▶ **Action item**
Up to and including the line that contains "Andaineur soleils MKE", write out every line of the entries exactly, beginning with the first. Omit the pictures.

#### Data to process

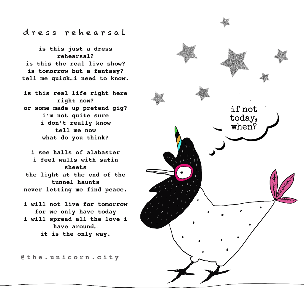 i read a line in a book i started reading – it asked if we are going through life as if it is a dress rehearsal. i thought about that. in some ways, yes, it feels like it. like we are waiting for someone to rescue us or to sprinkle a million dollars all around or to hand us the magic wand that will undo all that we’ve done. 💥 surprise! 💥 we are in the thick of act two of The Play Called Your Life right now. act three may be short. or long. or…who knows?
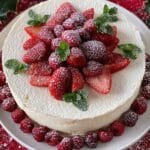 - Decorate: Adorn the top of the mousse cake with fresh strawberries and raspberries. Dust lightly with icing sugar and add fresh mint leaves for color contrast.
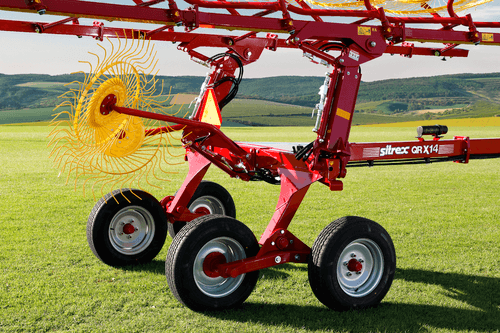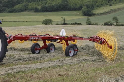 Andaineur soleils MKE Evolution AUTO-DIRECTIONNEL équipé de 12 roues soleil de 1,40 m de diamètre et avec 40 dents chacune. Avec une largeur de travail de 7,6 m et une largeur de transport de 2,55 m. La puissance minimum requise du tracteur est de 30cv. Largeur d’andain minimum 0,90 m et maximum de 1,8 m. Choix d’options.
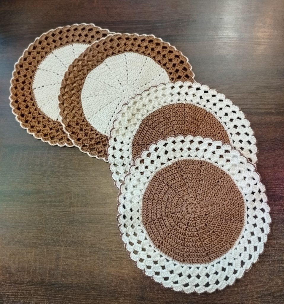 Szydełkuję i dziergam na drutach z różnych nitek. Bardzo modne teraz są prace ze sznurka bawełnianego lub poliestrowego różnej grubości. Rękodzielniczki z grubego sznurka tworzą chodniczki, dywaniki albo z cieńszego koszyczki, torebki, torby zakupowe, podkładki pod talerze i wiele innych fajnych rzeczy. Z nitki bawełnianej, wełnianej czystej lub z akrylem wychodzą bardzo ładne szale, chusty, czapki, szaliki, że o swetrach, kamizelkach itp nie wspomnę bo to standard, a z kordonka cudne ozdoby na Boże Narodzenie czy Wielkanoc.
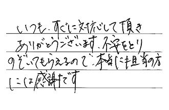 いつも、すぐに対応して頂き、ありがとうございます。不安をとりのぞいてもらえるので、本当に担当の方には感謝です。
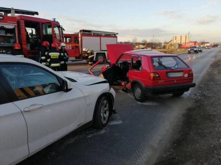 W wyniku kolizji czołowo bocznej poszkodowany został kierowca VW Golfa. Strażacy użyli sprzętu hydraulicznego, aby wydostać go z samochodu. Po wstępnym przebadaniu przez załogę karetki Pogotowia Ratunkowego został on przewieziony do szpitala.
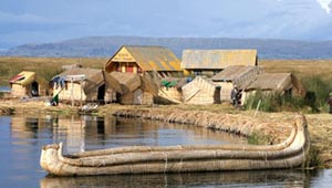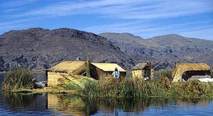 600多年前,為逃避西班牙和葡萄牙的殖民統治,烏魯斯族人來到蘆葦叢生的湖上,依湖而居,從此成為這里的主人。 起初的烏魯斯人,用蘆葦、蒲草編成厚實的蘆席和蒲席,再編成草船,在船上生活。后來,他們把幾條、十幾條草船連在一起,成為更穩定的住所,浮島就這樣出現了。隨后,他們又編出了精巧的房屋,F在,湖上的浮島有60多個,小的有籃球場那么大,大的竟設有郵局、小學等公共設施。 踏上秘魯的的喀喀湖上的浮島,你會感覺天是那樣近。腳下松軟的蘆葦蒲,不時發出“吱吱”聲,訴說著在此繁衍生息幾百年的烏魯斯人的故事。湖面波光粼粼,穿著五顏六色民族服裝的土著,是島上最鮮活的景物。
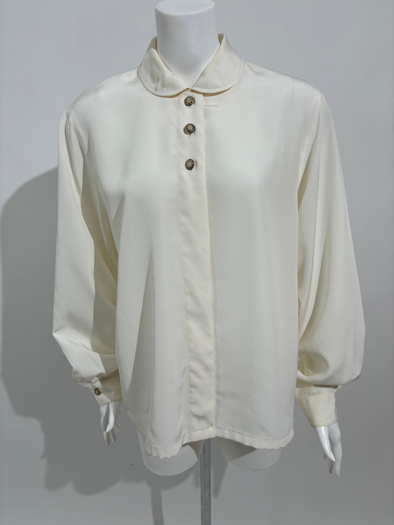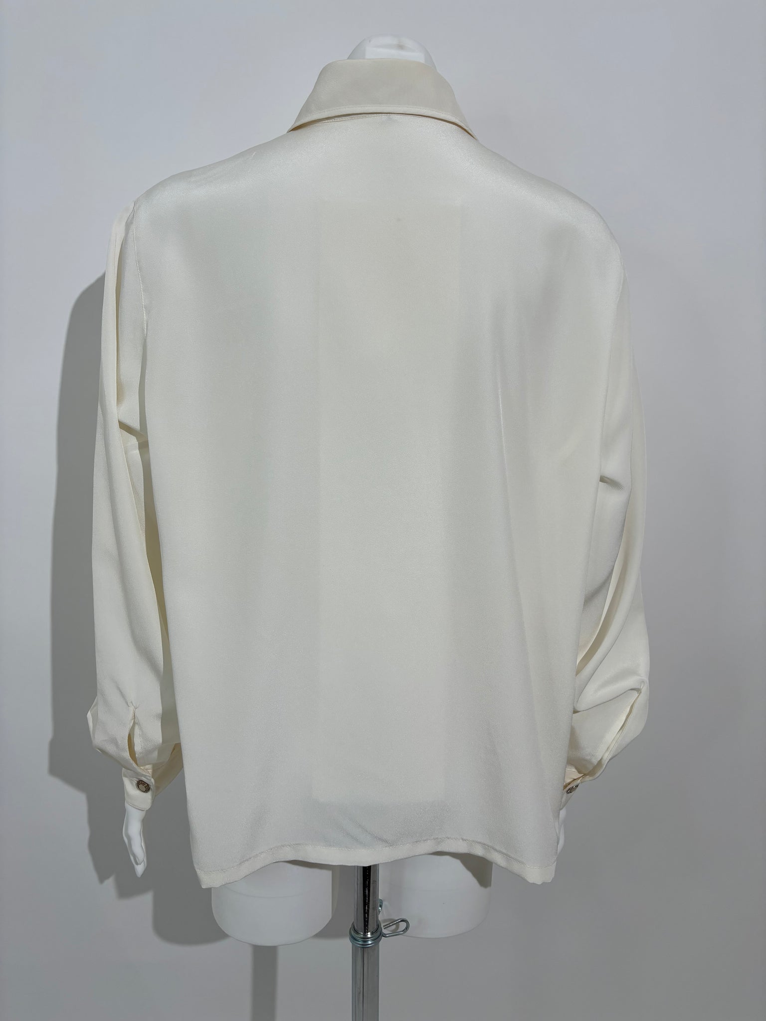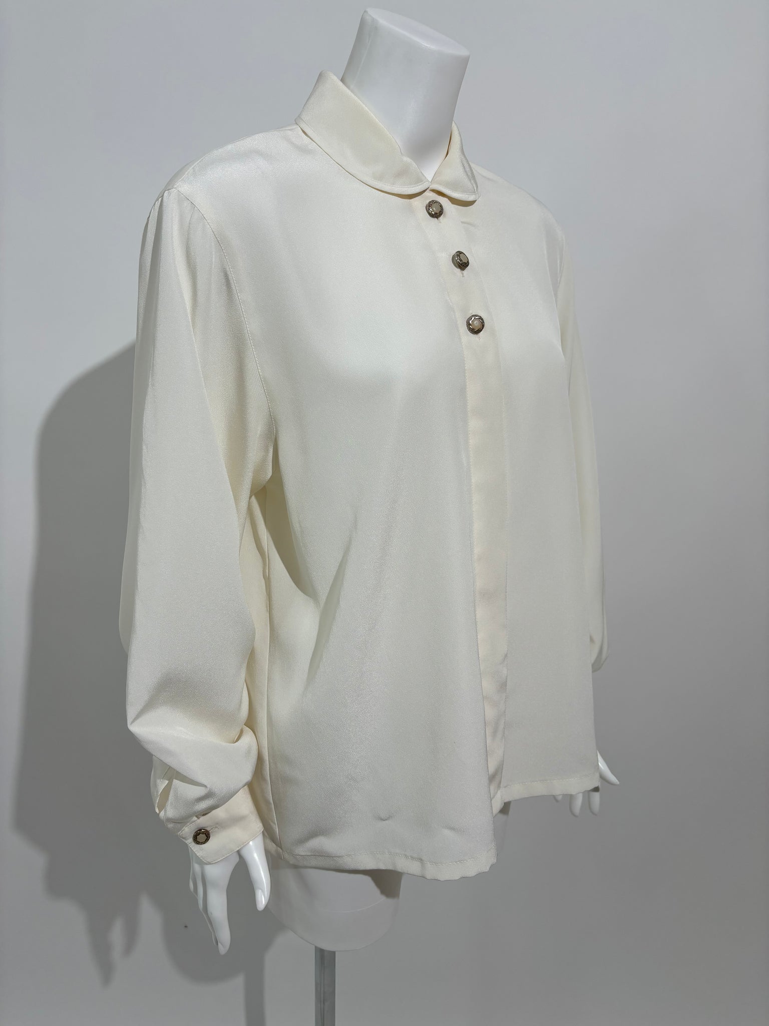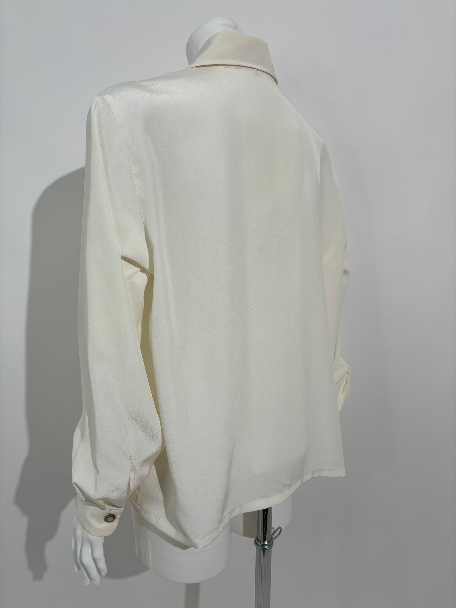 Dodajte sofisticiranost svom garderoberu sa ovom krem Laura Di Capri košuljom iz 80-ih, izrađenom od svile i ukrašenom klasičnim dugmićima. Savršena za formalne prilike i elegantne večeri.

########

▶ **Answer section**
 i read a line in a book i started reading – it asked if we are going through life as if it is a dress rehearsal. i thought about that. in some ways, yes, it feels like it. like we are waiting for someone to rescue us or to sprinkle a million dollars all around or to hand us the magic wand that will undo all that we’ve done. 💥 surprise! 💥 we are in the thick of act two of The Play Called Your Life right now. act three may be short. or long. or…who knows?
 - Decorate: Adorn the top of the mousse cake with fresh strawberries and raspberries. Dust lightly with icing sugar and add fresh mint leaves for color contrast.
 Andaineur soleils MKE Evolution AUTO-DIRECTIONNEL équipé de 12 roues soleil de 1,40 m de diamètre et avec 40 dents chacune. Avec une largeur de travail de 7,6 m et une largeur de transport de 2,55 m. La puissance minimum requise du tracteur est de 30cv. Largeur d’andain minimum 0,90 m et maximum de 1,8 m. Choix d’options.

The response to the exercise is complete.